Self Serving Activity | HA events

Self Serving Activity

Self Serving Activity is a state of conditioning where we use mindless activity to distract ourselves from personal problems by creating ways to isolate and insulate ourselves from others. Self Serving Activity is any activity used to psychically honor an ability to follow our own path so others cannot have an affect on us. Common Self Serving Activities are shopping, TV, reading, and sporting and entertainment events. Sometimes we get into dueling activities where if one partner asserts their right to do what they want, we turn around and assert our right to do what we want. It is common to use these activities to send subtle messages to others about how important they are relative to the activities we pursue. This type of game playing frequently escalates as participants increasingly discount each other by trying to make their activities appear more fun, interesting or useful than the other person’s activities. Self Serving Activity reflects all the ways of operating that we believe we have earned by dealing with the pain and struggle of life. Self Serving Activities are always selfishly motivated, yet framed as a benefit to others. This does not mean that all the activities we do are Self Serving, but when we are acting from a Self Serving motive, we go on automatic pilot and do not want others to demand anything from us that is outside of our expectations.
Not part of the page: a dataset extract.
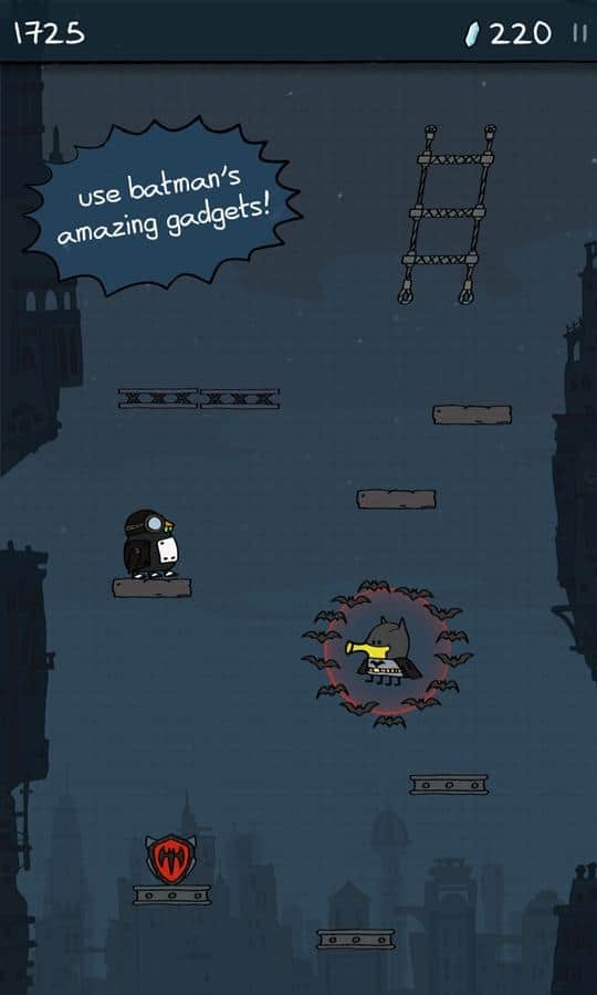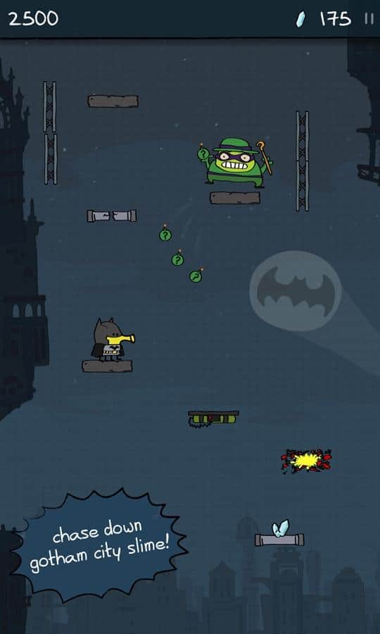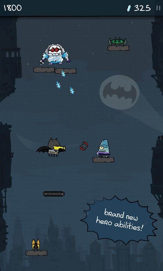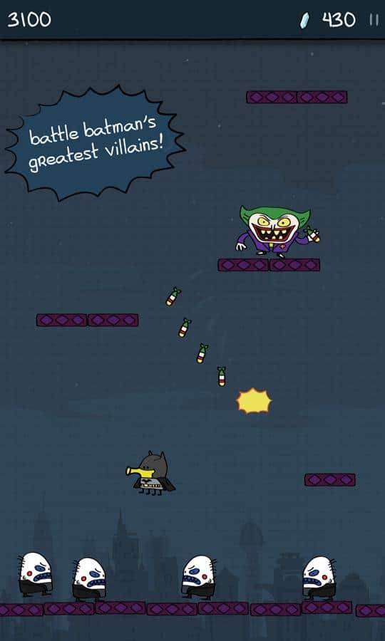 Doodle Jump DC - süper kahraman Batman'i yöneteceğiniz bir oyun. Platformlarda daha yükseğe zıplayın ve Gotham'ın ana kötüleri - Penguen, Bay Freeze, Joker ve The Riddler'a ulaşmaya çalışın. Gotham'ın tüm kötüleri bir araya geldi ve şehri yok edebilecek güçlü bir kristali çaldı. Göreviniz onları yakalamak ve güçlü silahlar ve ekipmanlar kullanarak yok etmek olacak. Kahramanınızı ekrana bir kez dokunarak kontrol edin ve kötüleri daha hızlı alt etmenize yardımcı olacak madeni paraları ve bonusları toplayın. Düşmanlarınıza meydan okuyun ve onlara neler yapabileceğinizi gösterin.
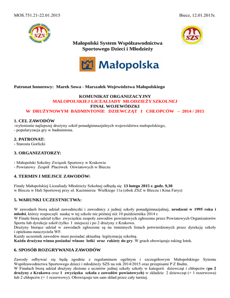 MOS.751.21-22.01.2015 Biecz, 12.01.2015r. Małopolski System Współzawodnictwa Sportowego Dzieci i Młodzieży Patronat honorowy: Marek Sowa - Marszałek Województwa Małopolskiego KOMUNIKAT ORGANIZACYJNY MAŁOPOLSKIEJ LICEALIADY MŁODZIEŻY SZKOLNEJ FINAŁ WOJEWÓDZKI W DRUŻYNOWYM BADMINTONIE DZIEWCZĄT I CHŁOPCÓW – 2014 / 2015 1. CEL ZAWODÓW -wyłonienie najlepszej drużyny szkół ponadgimnazjalnych województwa małopolskiego, - popularyzacja gry w badmintona. 2. PATRONAT: - Starosta Gorlicki 3. ORGANIZATORZY: - Małopolski Szkolny Związek Sportowy w Krakowie - Powiatowy Zespół Placówek Oświatowych w Bieczu 4. TERMIN I MIEJSCE ZAWODÓW: Finały Małopolskiej Licealiady Młodzieży Szkolnej odbędą się 13 lutego 2015 r. godz. 9,30 w Bieczu w Hali Sportowej przy ul. Kazimierza Wielkiego 11a (obok ZSZ w Bieczu i Kina Farys) 5. WARUNKI UCZESTNICTWA: W zawodach biorą udział zawodniczki i zawodnicy z jednej szkoły ponadgimnazjalnej, urodzeni w 1995 roku i młodsi, którzy rozpoczęli naukę w tej szkole nie później niż 10 października 2014 r. W Finale biorą udział tylko zwycięskie zespoły zawodów powiatowych zgłoszone przez Powiatowych Organizatorów Sportu lub dyrekcje szkół (tylko I miejsca) i po 2 drużyny z Krakowa. Drużyny biorące udział w zawodach zgłoszone są na imiennych listach potwierdzonych przez dyrekcję szkoły i opiekuna-nauczyciela WF. Każdy uczestnik zawodów musi posiadać aktualną legitymację szkolną. Każda drużyna winna posiadać własne lotki oraz rakiety do gry. W grach obowiązuje raking lotek. 6. SPOSÓB ROZGRYWANIA ZAWODÓW Zawody odbywać się będą zgodnie z regulaminem ogólnym i szczegółowym Małopolskiego Sytemu Współzawodnictwa Sportowego dzieci i młodzieży SZS na rok 2014/2015 oraz przepisami P Z Badm. W Finałach biorą udział drużyny złożone z uczniów jednej szkoły szkoły w kategorii dziewcząt i chłopców (po 2 drużyny z Krakowa oraz 1 zwycięska szkoła z zawodów powiatowych) w składzie 2 dziewcząt (+ 1 rezerwowa) lub 2 chłopców (+ 1 rezerwowy). Obowiązuje ten sam skład przez cały turniej. 7. PRZEPISY GRY Kolejność gier jest następująca: I rzut A– X B–Y II rzut gra podwójna III rzut A–Y B–X - mecz rozgrywany jest do 3 wygranych gier. - zawody rozgrywane są do dwóch wygranych setów. - system rozgrywek uzależniony od ilości zgłoszonych drużyn. - obowiązują zasady przepisów P Z Badm. oraz kwalifikacyjna lista lotek. 8. PROGRAM ZAWODÓW godz.9.30 - weryfikacja drużyn- losowanie godz.9.45 – oficjalne otwarcie i rozpoczęcie zawodów około godz. 16.00 - zakończenie zawodów. 9. NAGRODY Zespoły za trzy pierwsze miejsce otrzymują medale, puchary oraz dyplomy, 10. ZASADY FINANSOWANIA Koszty organizacji zawodów finałowych pokrywa MSZS w Krakowie Zawody są dofinansowywane ze środków Urzędu Marszałkowskiego w ramach wspierania współzawodnictwa sportowego dzieci i młodzieży szkół Województwa Małopolskiego. Koszty podróży pokrywa zespół biorący udział w zawodach (szkoła). 11. POSTANOWIENIA KOŃCOWE Zgłoszenia drużyn należy przesłać do dnia 10.02.2015 na adres e-mail: [email protected] W sprawach nieuregulowanych niniejszym regulaminem decyduje organizator zawodów. Kierownik zawodów: Jerzy Bugno 603 666 998 Projekt realizowany przy wsparciu finansowym Województwa Małopolskiego

Self Serving Activities can be any activity that permits us to assert our way of connecting independent of others input. In any Self Serving Activity we operate selfishly rather than being available to others to support their process at the same time. In short, they are ways of escaping our common everyday stresses by tuning out normal communication and connection requirements. Ironically, these activities become naturally mechanical or habitual. The difference between Self Serving Activity and other forms of entertainment is that we are always protective of our space and our choice, and we believe we are owed the opportunity to participate in this way. When we are not doing a Self Serving Activity, we are flexible, responsive and can interact with others without feeling resentful. It is interesting to note how many of the Self Serving Activities we perform are isolating and passive and do not require interaction in any real way. It is because of this that individuals doing Self Serving Activity cannot see the unavailability of others doing the same.

The motive of Self Serving Activity reflects the context that we need to protect our self by having a mindless activity that helps us escape. Every Self Serving Activity enables us to distract ourselves from our personal problems by establishing a framework where others cannot intrude upon us without our permission. We usually justify Self Serving activity by the amount of effort or work we do in our life. Self Serving Activity reflects that believe we deserve a break. By asserting our choices about how we will spend time, we maximize our personal leverage over others by making them come to us on our terms. We learn, when doing Self Serving activities, only to offer to others what we possess in abundance, so that others will feel compelled to give us what we lack. We commonly use the needs of others to justify our own demands so we maintain a sense of control over how we operate in our life. This can be easily validated in behavior where others ignore us because they feel hurt in our demands or disappear to do things to take care of themselves because they think our demands are unreasonable.

The hidden belief is to maximize the pursuit of pleasure without being seen as selfish. Sometimes we hide our selfishness by being stubborn and unwilling to compromise ourselves. In many situations it is easy to justify our selfishness as a benefit to others rather than honor it as just a request we have. Self Serving Activity is not known for its “truth telling”. Most white lies are ways we protect others from knowing what is going on with us, because we feel they may be hurt by our actions. Frequently we distance ourselves from others by believing that we are someone who deserves a break, unlike others around us who have it much easier. These types of rationalizations or explanations keep us from even considering the deeper truth— we want what we want when we want it. It is important that we not back down from our truth of what we want and need and can be seen as being up front with what’s appropriate for us, so we do not fall into resentful sabotaging behavior. It is also important not to always blame others for what we are not creating in our life. It is very easy to make others wrong for their Self Serving Activities by falling into the perception that they are not worthwhile or productive when, in fact, they do serve a personal need. It is time now to air out these differences with others whenever there is resentment, fear and tension about our use of time and priorities. The more we can creatively enjoy our work, the less we will use independent Self Serving Activities to distance ourselves from others.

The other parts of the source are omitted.